В непроглядной темной воде ничего не было видно – и слава Богу! Ничего и слышно не было, кроме журчания воды возле ног Лебедя и таинственных всплесков в стороне; после каждого такого всплеска мне мерещились вьющиеся черные длинные тенистые острые косые плавники. Лебедю не приходилось плыть, вода не доходила ему даже до колен. Но как он находил дорогу в такой непроглядной тьме? Как-то находил, слава Богу.

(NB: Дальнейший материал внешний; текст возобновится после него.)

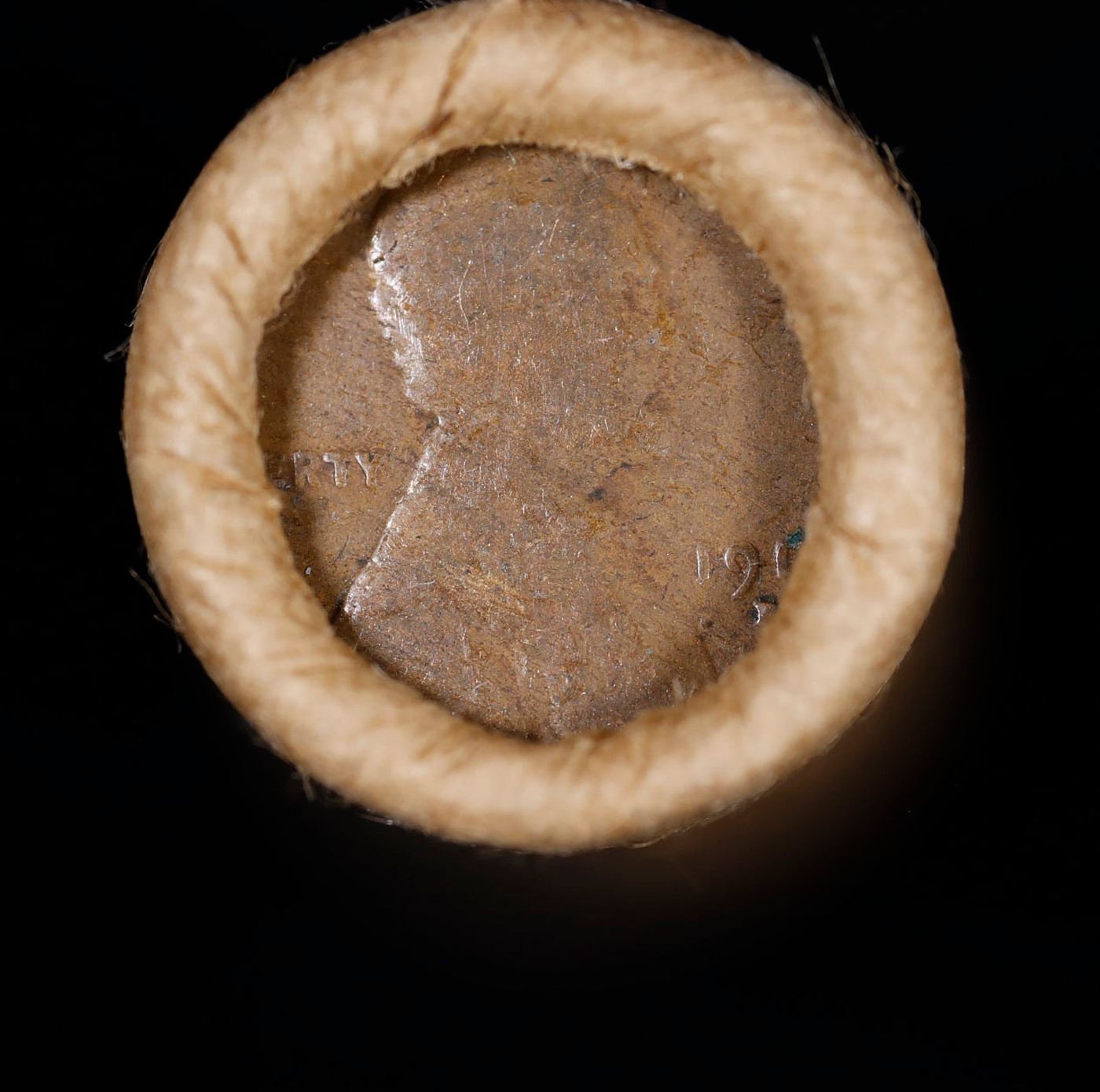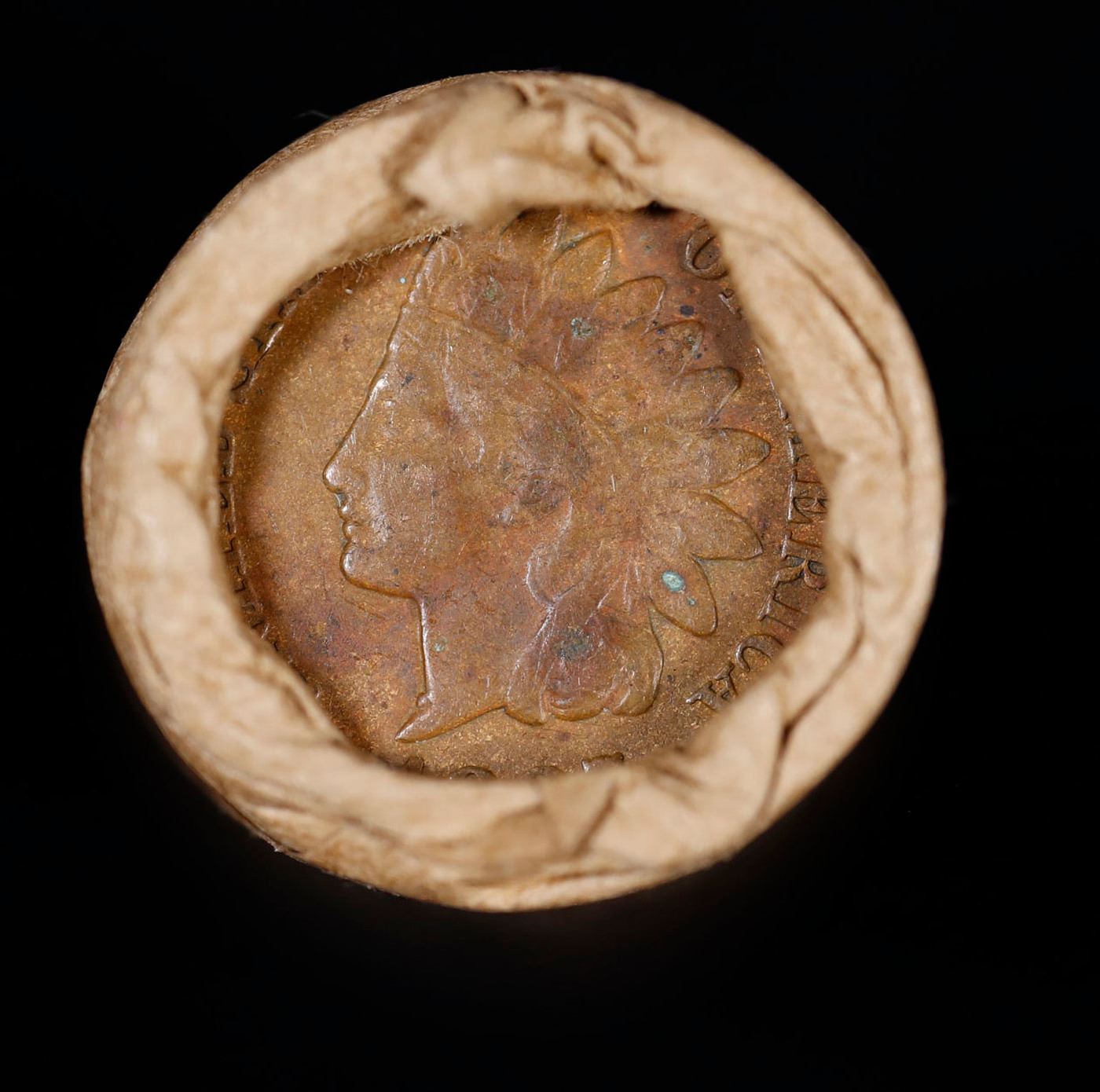 Mixed small cents 1c orig shotgun roll, 1916-D Wheat Cent, 1887 Indian Cent other end, Brinks Wrappe
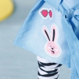Îmbracă-ți păpușa în rochia-cămașă trendy în stil denim, care combină un look lejer cu elemente elegante. Răsfrângerea jucăușă a mânecilor, gulerul simetric, buzunarele aplicate și cureaua de legat sunt completate de imprimeuri drăguțe în stil ecusoane. Sub rochie se potrivesc perfect colanții alb-negru în dungi, iar ținuta este completată de căciulița roz și adidașii albi.
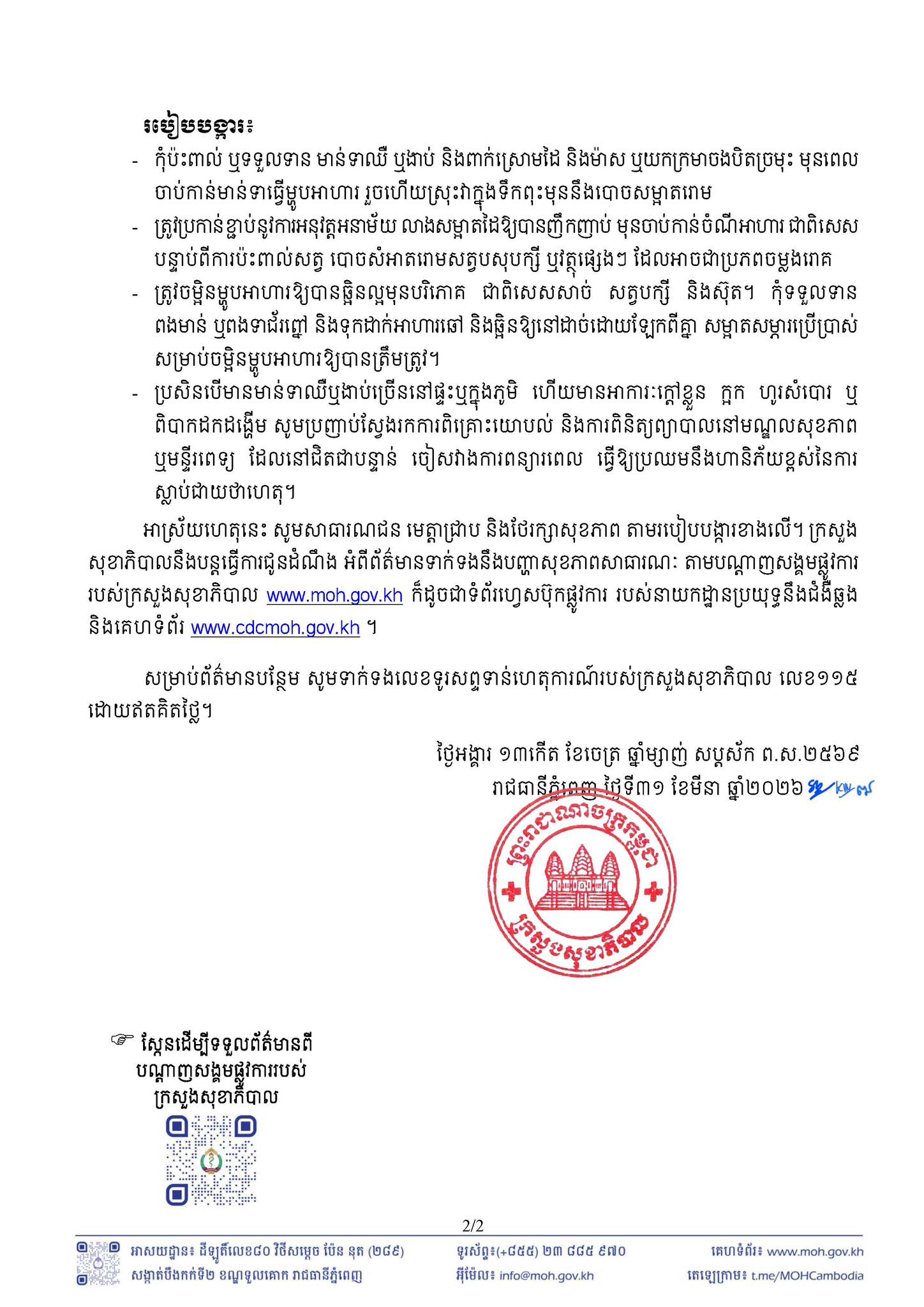 រាជធានីភ្នំពេញ ៖ នៅថ្ងៃទី ៣១ ខែមីនា ឆ្នាំ ២០២៦ នេះ ក្រសួងសុខាភិបាល បានប្រកាសពី…
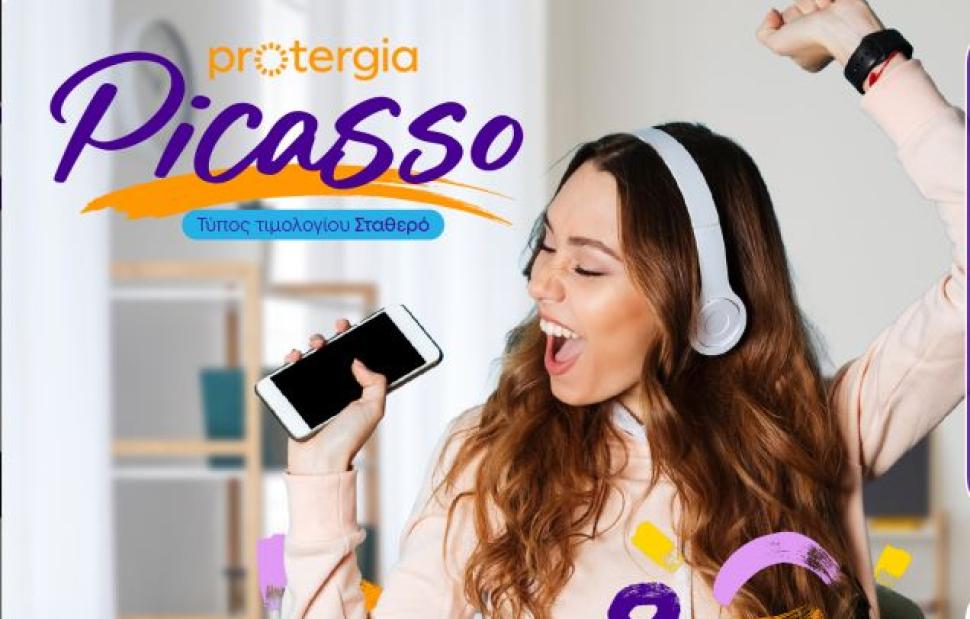 - Protergia Picasso, το προϊόν ενέργειας νέας γενιάς, στο οποίο ο καταναλωτής επιλέγει το ποσό που θα πληρώνει κάθε μήνα για το ρεύμα του ανάλογα τις ανάγκες του, με 9 διαφορετικά πακέτα για έναν ολόκληρο χρόνο, καλύπτοντας το σύνολο των ενεργειακών χρεώσεων (ανταγωνιστικές και ρυθμιζόμενες)!
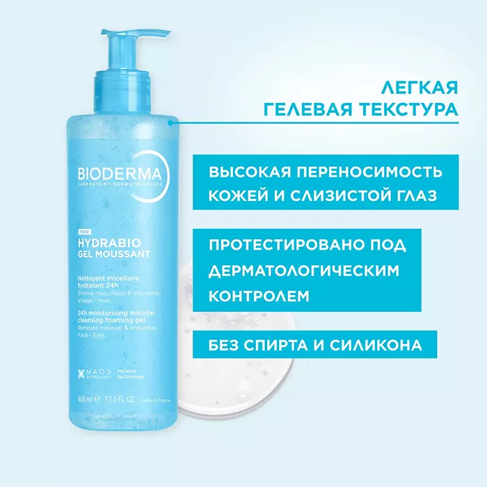 Биодерма Гидрабио Очищающий увлажняющий гель бережно очищает кожу, не повреждая кожный барьер и сохраняя микробиом кожи. Подходит для обезвоженной кожи взрослых.

Мы все шли и шли по воде, и наконец стало светать. Мы опаздывали: уже начался прилив и вода теперь доходила Лебедю до самого брюха – мне пришлось подобрать ноги. В предрассветном сумраке я уже различала две длинные волны, расходившиеся от груди Лебедя. А потом впереди показалась серая полоса между черной водой и светлеющим небом – Французская коса. Кажется, наш побег с острова заканчивался благополучно, я выпрямилась и облегченно вздохнула. Вот уже стал виден и столбик с указателем на Жизор. Но что это? Возле указателя я разглядела низкий лобастый силуэт мобиля, а рядом с ним человеческую фигуру. Кто-то там стоял и смотрел на нас. Издали фигура показалась мне знакомой, но это явно был не дядя Леша. Неужели?… Но как он мог попасть сюда? Или это мне мерещится? – Да нет, вовсе не мерещится! Я соскользнула со спины Лебедя и бегом помчалась по совсем обмелевшей водяной дороге, поднимая брызги и смеясь от радости. Я подбежала к нему и схватила его за плечи:
– Леонардо, это ты?! Что ты тут делаешь?
– Тебя жду, кара Сандра.
– Мио Леонардо!
Голова у меня закружилась, ноги сделались как ватные и подкосились. Леонардо едва успел подхватить меня.
– Что с тобой, Сандра?
– Ничего, ничего… Это только головокружение, сейчас пройдет. Мы почти всю ночь шли по воде. Вот меня и качает, как моряка, сошедшего с палубы…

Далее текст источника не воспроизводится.